Now, I used to have a crush on another girl. Later I found out that the feeling was mutual. She liked me as well. But I couldn’t feel any emotional connection with her after talking to her for a while. I couldn’t connect with her in terms of intellect, mutual interests, sense of humor etc. She didn’t seem like a “সংসারী" girl as well. So, I stopped it before getting serious. But she remained a sexual fantasy to me. Nobody could turn me on except her. She seems like the sexiest girl I have ever seen. I texted her from time to time. And she always indicated that she was still interested. However, I decided that getting married only for lust is not a good idea. So, I never get into something serious with her.

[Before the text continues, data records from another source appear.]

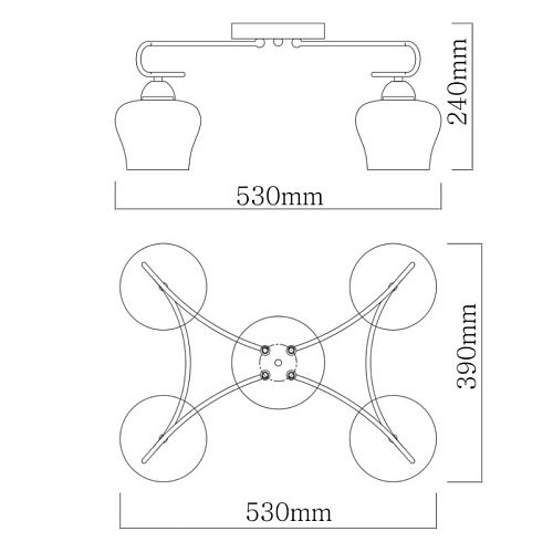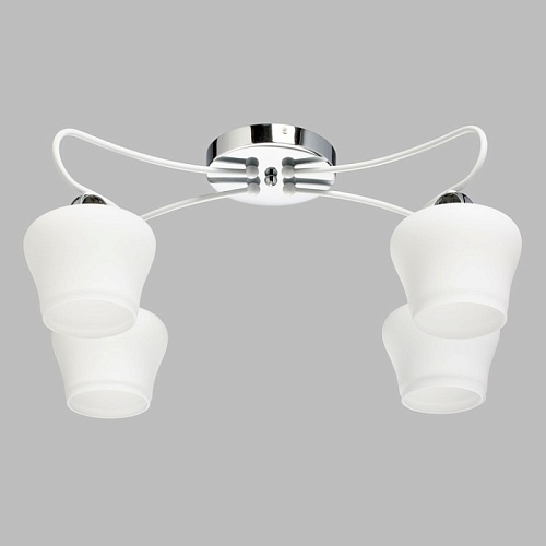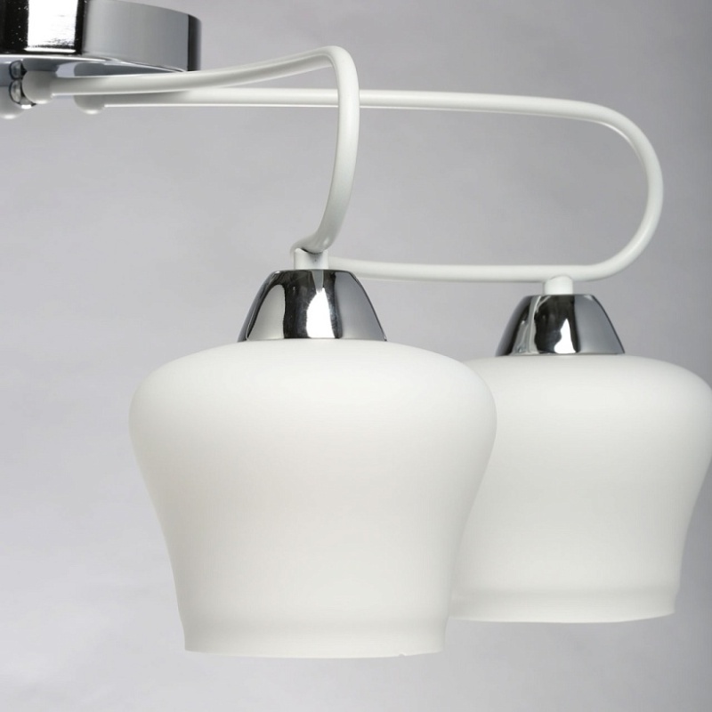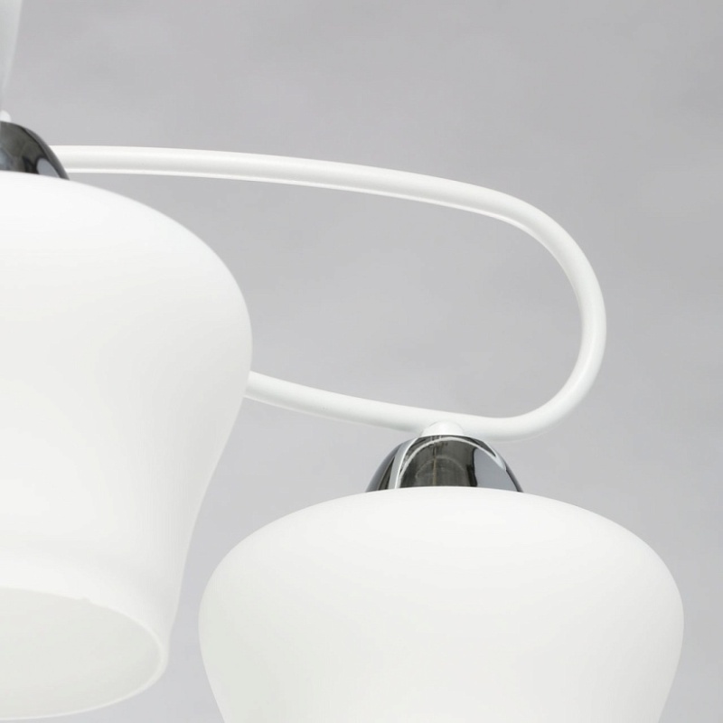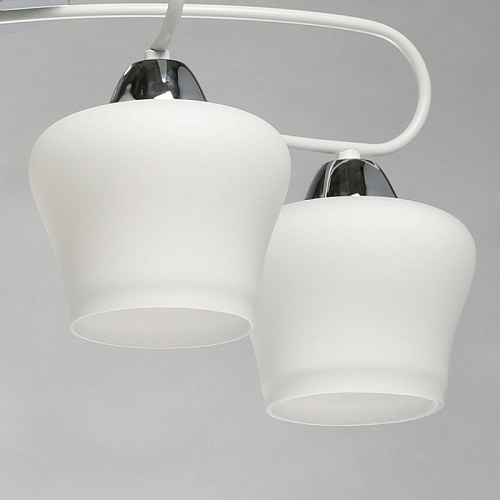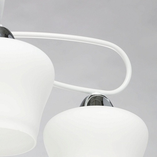 Основание светильника выполнено из металла. Потолочная чаша и держатели плафонов гальванизированы в цвет хрома, рожки окрашены в белый цвет. Стеклянные плафоны выдуваются вручную в форму и окрашены в белый цвет.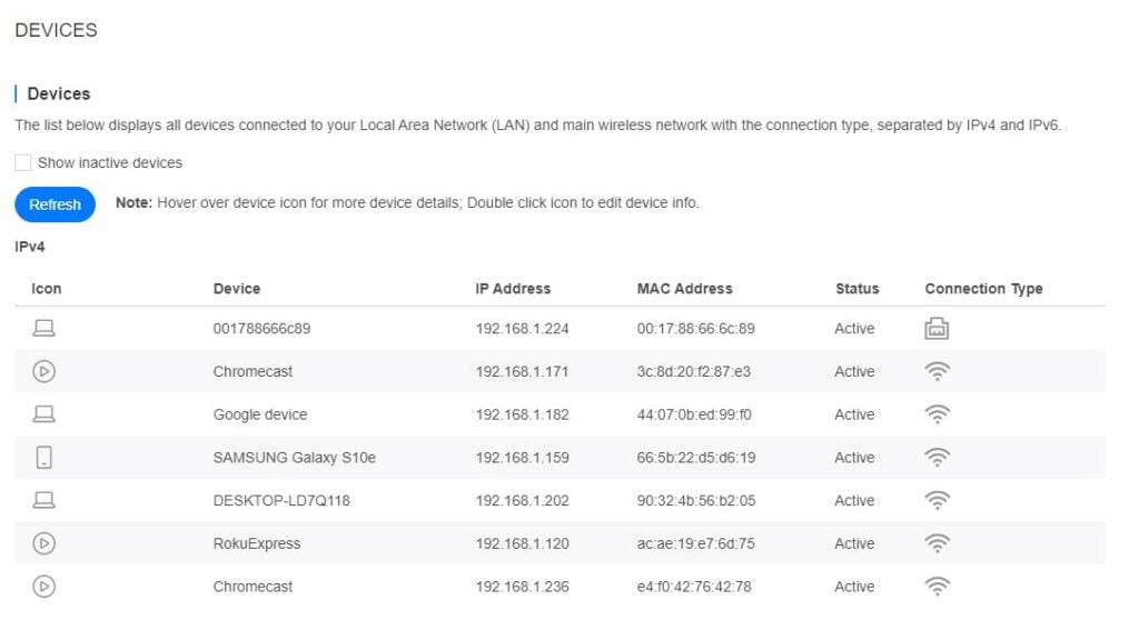 Logga in på din router som administratör, och under nätverksanslutningsmenyn (detta varierar från router till router), hittaEnheteralternativ.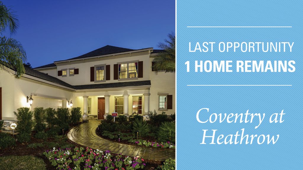 Welcome to Coventry at Heathrow, a premier neighborhood of new homes inside the guarded gates of the esteemed Heathrow Golf & Country Club community. Residents of the new homes at Heathrow will enjoy one of the area’s most sought-after locations with convenient access to major employment centers, A-rated public schools, shopping, services and recreation, along with outstanding community amenities. If you are looking for new homes in Seminole County that provide an exceptional value and the best of everything in Central Florida's most desirable area. Driving Directions Request InformationTaylor Morrison Homes in Coventry at Heathrow Coventry at Heathrow offers well-appointed new homes with an extensive array of standard features and highly attractive advantages today’s discerning homeowners want. These include: A prestigious location in the Heathrow Golf & Country Club master-planned community60’ and 70’ home sitesExpansive family roomsLanais for enjoying outdoor livingGourmet kitchen with top-quality appliances and appointmentsStunning architectural accentsSpacious owners’ suites with luxurious master bathsTech-ready wiringEnergy-efficient materials and constructionCommunity Features Coventry at Heathrow is an upscale community of new homes in Seminole County. It offers a safe, gated environment in an area known for its affluence, great schools and easy access to major transportation corridors and employment centers. Coventry at Heathrow is less than two miles from I-4 and Toll Road 417. It is home to many high tech companies and such international firms as AT&T, Chase and Mitsubishi. Downtown Orlando is just 20 minutes away and popular attractions including beaches and theme parks are all within a 45-minute drive. Community amenities include lakes, a fishing pier, walking trails, a park and ball fields.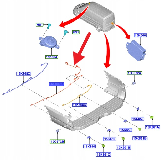 WIĄZKA CZUJNIKÓW PARKOWANIA TYŁ TRANSIT 2014- OE 5384629 _ CK4T-15K868-DC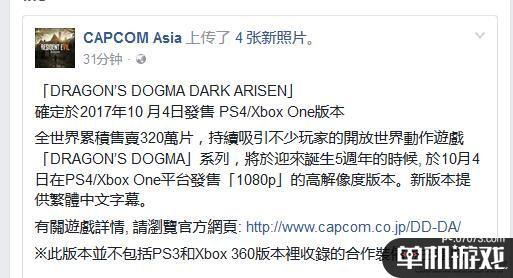 另外CAPCOM Asia也于今天公布,确认于10月4日推出繁中版《龙之信条:黑暗觉者》,登陆PS4/XboxOne平台。《龙之信条》系列全球累积销量320万分,持续吸引玩家关注,在5周年之际将推出1080P的高清版本,并支持繁中字幕。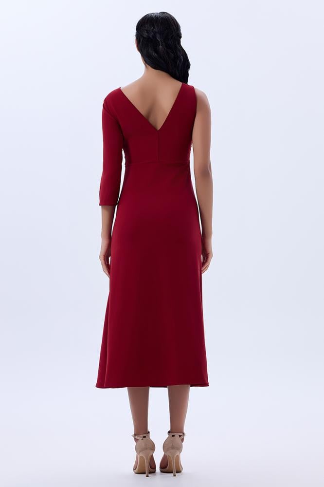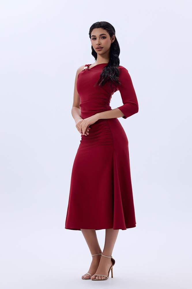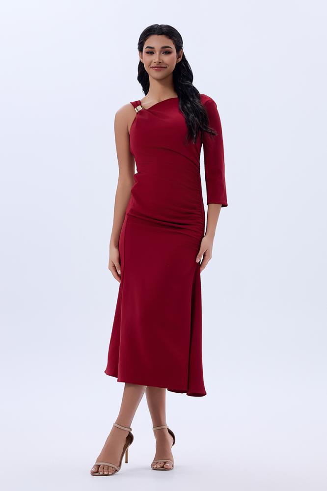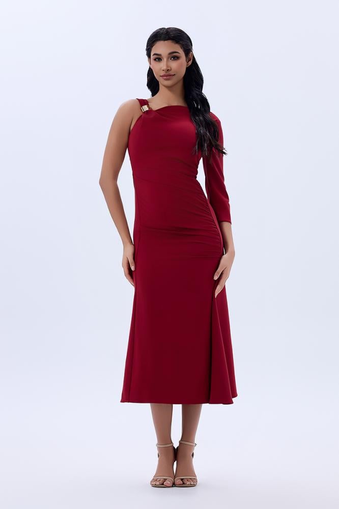 فستان كريب عنابي بثنيات جانبية وكتف روماني بكمّ طويل مع اكسسوار ذهبي لافت على الكتف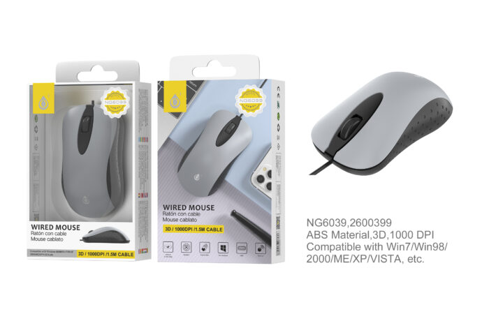 • NG6045 NE Raton optico Cleo con cable,1000 DPI ,1,35M Negro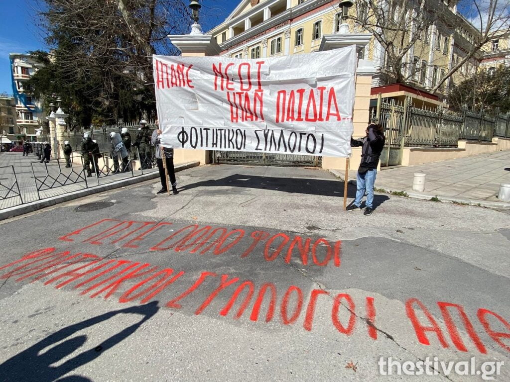 «Είστε δολοφόνοι», έγραψαν μπροστά στο ΥΜΑΘ φοιτητικοί σύλλογοι που συμμετείχαν στη σημερινή κινητοποίηση.

Then a few months earlier, I met with my current wife. Initially I felt a connection both emotionally and sexually. I thought I was finally moved on from my sexual fantasy over the other girl. So decided to get married. But now I am starting to regret. The girl I have married is beautiful, sweet, caring, and she puts efforts sexually as well. I don’t want to hurt her in any way. I am trying to give my best efforts to please her in every way. But day by day I am losing interest in her sexually and my old obsession is coming back.
I hope I could get over my obsession over this one particular girl and give all the love to my wife that she deserves. I hope everything would be okay once my wife gets her visa and starts living with me. Till then I hope I don’t do anything stupid.